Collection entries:
++++++++

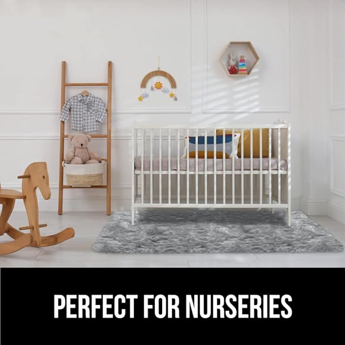 Gorilla Grip Fluffy Faux Fur Rug, 6x9, Machine Washable Soft Furry Area Rugs, Durable Rubber Backing, Plush Floor Carpets for Baby Nursery, Bedroom, Living Room Shag Carpet, Luxury Home Decor, Gray
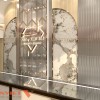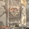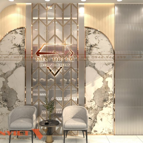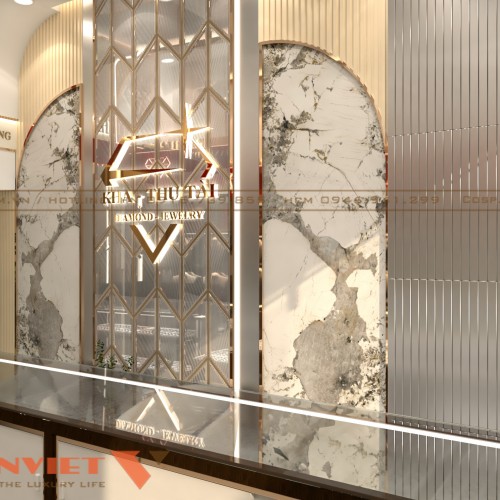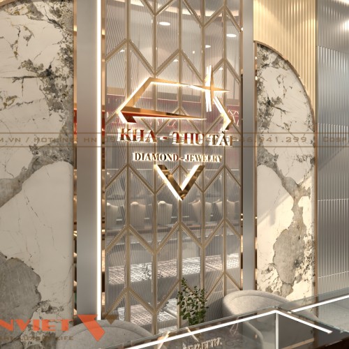 Điểm nhấn quan trọng khác trong thiết kế tiệm vàng Kha Thu Tài là vách logo thương hiệu đặt ở khu vực tiếp khách. Chất liệu sử dụng là đá ốp vân mây kết hợp kim loại ánh vàng sang trọng, hiện đại. Logo Kha Thu Tài Diamond Jewelry được làm nổi bật bằng đèn LED hắt sáng, tạo hiệu ứng lung linh và gây ấn tượng mạnh mẽ.
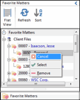 The Favorite Matters feature displays a list of matters you have accessed recently. This is similar to the Worldox Favorite Files feature except that folders are being tracked here rather than individual files. In fact your Favorite Matters list is derived from your recently accessed Favorite Files.
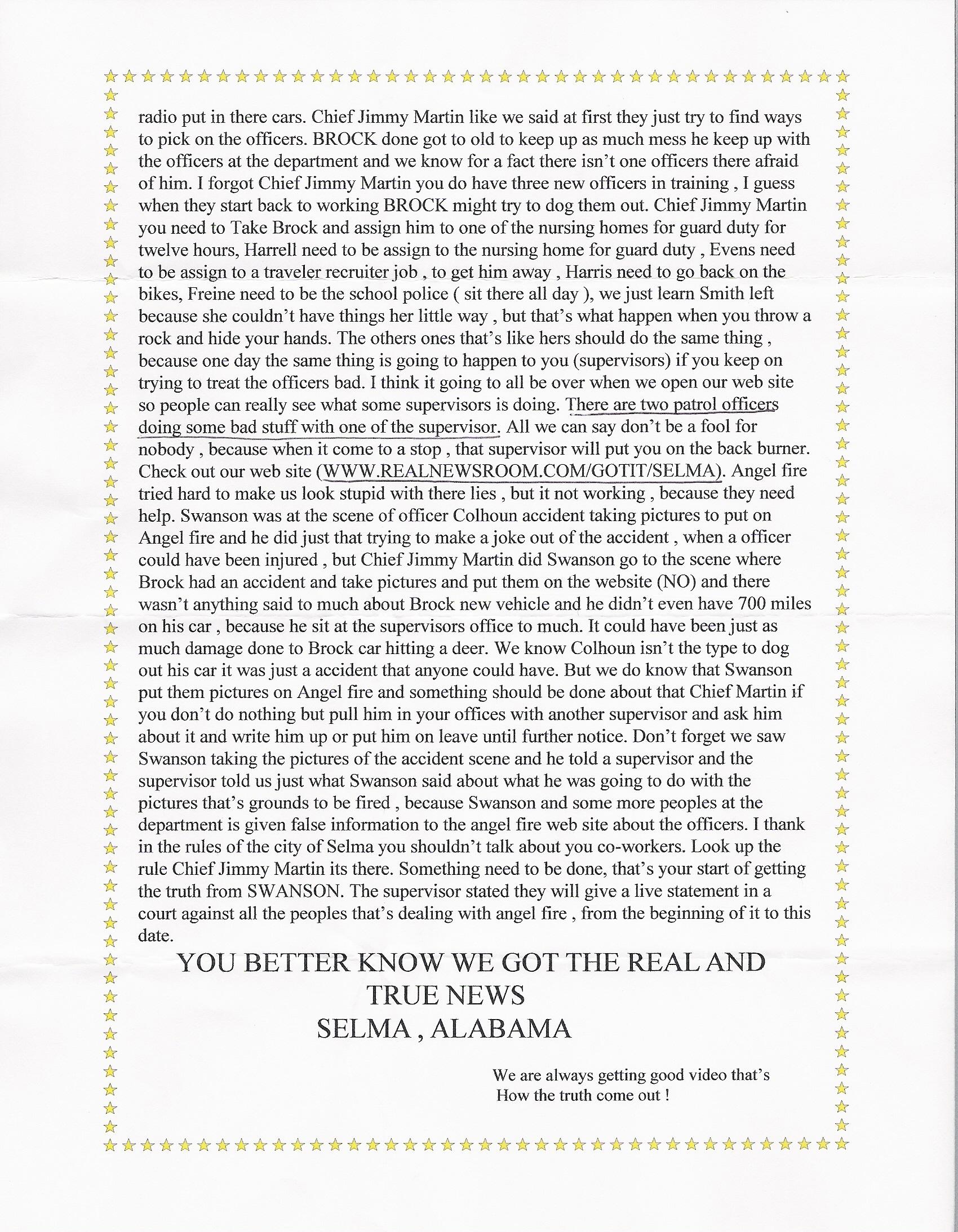 Our source in the SPD has sent us another letter from the incompetents who work forthe SPD. Although the letter is critical of this website, we are printing it to show the kind of people who work at the SPD. No wonder crime is out of control in Selma!!
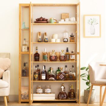 Elegant Modern Metal Wine Cabinet with Glass Holder and Refrigerator Storage

++++++++

(ACTION ITEM)
Excluding the pictures, transcribe each entry above word for word.

(SOLUTION TO THIS PROBLEM)
 Gorilla Grip Fluffy Faux Fur Rug, 6x9, Machine Washable Soft Furry Area Rugs, Durable Rubber Backing, Plush Floor Carpets for Baby Nursery, Bedroom, Living Room Shag Carpet, Luxury Home Decor, Gray
 Điểm nhấn quan trọng khác trong thiết kế tiệm vàng Kha Thu Tài là vách logo thương hiệu đặt ở khu vực tiếp khách. Chất liệu sử dụng là đá ốp vân mây kết hợp kim loại ánh vàng sang trọng, hiện đại. Logo Kha Thu Tài Diamond Jewelry được làm nổi bật bằng đèn LED hắt sáng, tạo hiệu ứng lung linh và gây ấn tượng mạnh mẽ.
 The Favorite Matters feature displays a list of matters you have accessed recently. This is similar to the Worldox Favorite Files feature except that folders are being tracked here rather than individual files. In fact your Favorite Matters list is derived from your recently accessed Favorite Files.
 Our source in the SPD has sent us another letter from the incompetents who work forthe SPD. Although the letter is critical of this website, we are printing it to show the kind of people who work at the SPD. No wonder crime is out of control in Selma!!
 Elegant Modern Metal Wine Cabinet with Glass Holder and Refrigerator Storage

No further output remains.